5 Feet of Fury

Men take up quilting in record numbers, turn out to be better at it than women

Predictable:

…a large percentage of male quilters are retired engineers. The former high school principal from Maple Ridge, B.C., has a theory about that. She had always wondered why boys seemed attracted to the geometrical wall-hangings in her office, unlike girls. Then she realized they were fascinated by the geometry.

Heslop sees the math connection too. “It does involve some trigonometry,” he says. (…)

Other men are drawn to quilting by the complex long-arm quilting machines they get to use, says Sparrow. “My daughters’ friends’ fathers come over and they’re right down on their knees looking at how it all works,” he says. “Men see it as pretty much just a big power tool.”

Before quilting, Sparrow was a website developer. But within weeks of purchasing his own long-arm, he quit his Web job because he had so many requests from female quilters to help them finish the stitching on their pieces.
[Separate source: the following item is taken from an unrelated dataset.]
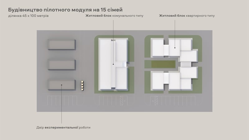 На території пілотного містечка ми планують звести два житлові блоки та двір експериментальної роботи. Блок квартирного типу буде відведений насамперед під житло, де безкоштовно мешкатимуть сім’ї з різних регіонів України. Частину блока займатиме польовий офіс RE:Ukraine, а також кілька виставкових кімнат. Більше про проєкт можна дізнатися за цим посиланням.
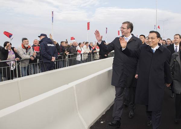 2014年12月18日,李克強總理與塞爾維亞總理武契奇共同出席貝爾格萊德跨多瑙河大橋竣工儀式。這是李克強與武契奇在儀式現(xiàn)場向民眾揮手致意。(新華社記者黃敬文攝)

His romance with the craft started one day when his wife was struggling to stitch together a multi-layered quilt.

“I wasn’t confident she was doing it the right way, so I looked it up on the Internet,” he says. “She wasn’t.”

He wasn’t afraid to tell her. That’s one of the biggest differences between male and female quilters, according to Sparrow. “Women will look at each other’s projects and tell them how fabulous it is, even when it’s not,” he says.

“But I’ve noticed that men can take one look at something you’ve been working on for years and they’ll tell you the truth right away.”